> **PROMPT**
In the listing, locate the line containing "かわいい色合いで思ってた通り", then quote it and all following lines exactly. Omit pictures.

> **GIVEN MATERIAL**

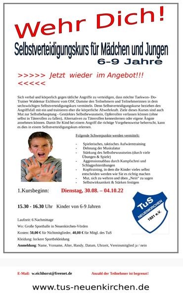 Nach den Sommerferien werden wieder neue Kurse angeboten, für Jungen und Mädchen und jetzt auch für Frauen.
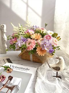 かわいい色合いで思ってた通りで良かったです。 カーネーションやガーベラは花もちが良くて次に欲しくなったお花を注文すると花瓶が足らなくなり一緒に購入しました。花瓶は思っていたより大きめでした。
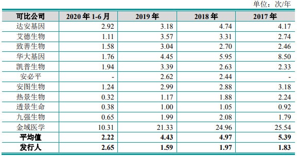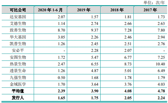 睿昂基因招股书称,在同行业可比公司中,致善生物、安图生物、热景生物、透景生命应收账款周转率相对较高,主要原因系上述公司以经销模式为主,经销客户的回款速度较快。若剔除上述公司,达安基因、艾德生物、华大基因、凯普生物、安必平、九强生物及金域医学应收账款周转率平均值分别为2.65次/年、2.44次/年、2.37次/年及1.84次/年,与公司应收账款周转率基本接近。

> **TASK RESULT**
 かわいい色合いで思ってた通りで良かったです。 カーネーションやガーベラは花もちが良くて次に欲しくなったお花を注文すると花瓶が足らなくなり一緒に購入しました。花瓶は思っていたより大きめでした。
 睿昂基因招股书称,在同行业可比公司中,致善生物、安图生物、热景生物、透景生命应收账款周转率相对较高,主要原因系上述公司以经销模式为主,经销客户的回款速度较快。若剔除上述公司,达安基因、艾德生物、华大基因、凯普生物、安必平、九强生物及金域医学应收账款周转率平均值分别为2.65次/年、2.44次/年、2.37次/年及1.84次/年,与公司应收账款周转率基本接近。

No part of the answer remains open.